Influence of Operating Temperature on Crack Growth Characteristics and Fatigue Life Prediction of Carbon Black-Filled Hydrogenated Nitrile Butadiene Rubber

Rubber is widely used in situations involving cyclic loads, and the influence of temperature on rubber properties is particularly pronounced under cyclic loading. In this study, mechanical property tests and crack propagation tests of carbon black-filled hydrogenated nitrile butadiene rubber were conducted at four different operating temperatures. Based on the results of the crack propagation tests, the temperature-dependent characteristics of the Paris–Erdogan parameters and strain energy density were clarified. The Paris–Erdogan parameters were successfully expressed as a function of temperature. The strain energy density, on the other hand, exhibited the property of being strongly influenced by factors of strain, loading frequency, and others, while the temperature dependence was weak. On this basis, the unified fatigue crack growth kinetic model was constructed at multiple temperatures.
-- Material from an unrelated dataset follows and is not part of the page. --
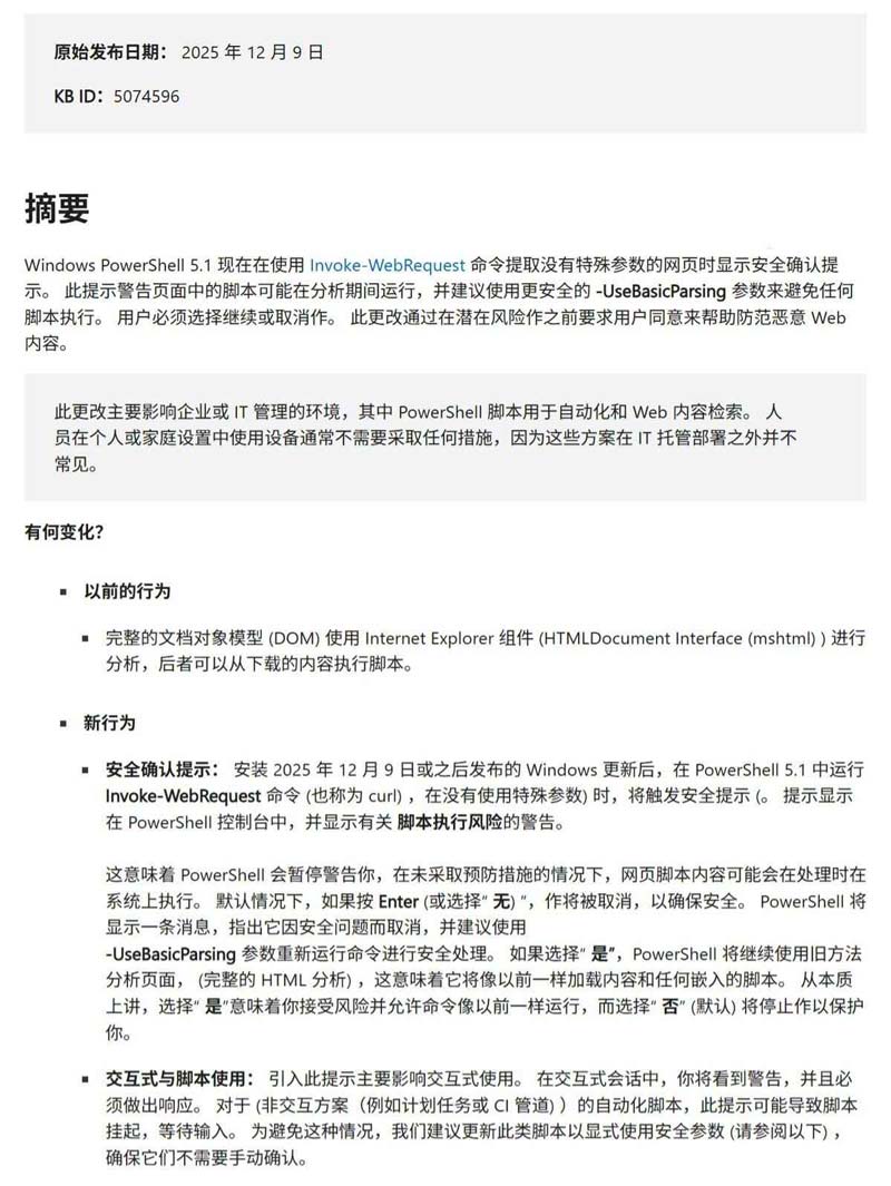 微软强烈建议,用户在处理不可信网页时,应使用 -UseBasicParsing 命令行参数,从而阻止系统解析并执行嵌入的脚本。

The model results can match the experimental data well, particularly at temperatures of 60 °C and 80 °C. Finally, the fatigue life prediction model at different temperatures was constructed by combining the fatigue life test results. The results indicate a correlation between crack propagation characteristics and fatigue life predictions across different operating temperatures, with the predictions agreeing well with the measured life. The models can be used to analyze early fracture behavior or fatigue life prediction of rubber at different operating temperatures and minimize the need for extensive product testing prior to the manufacture of rubber products.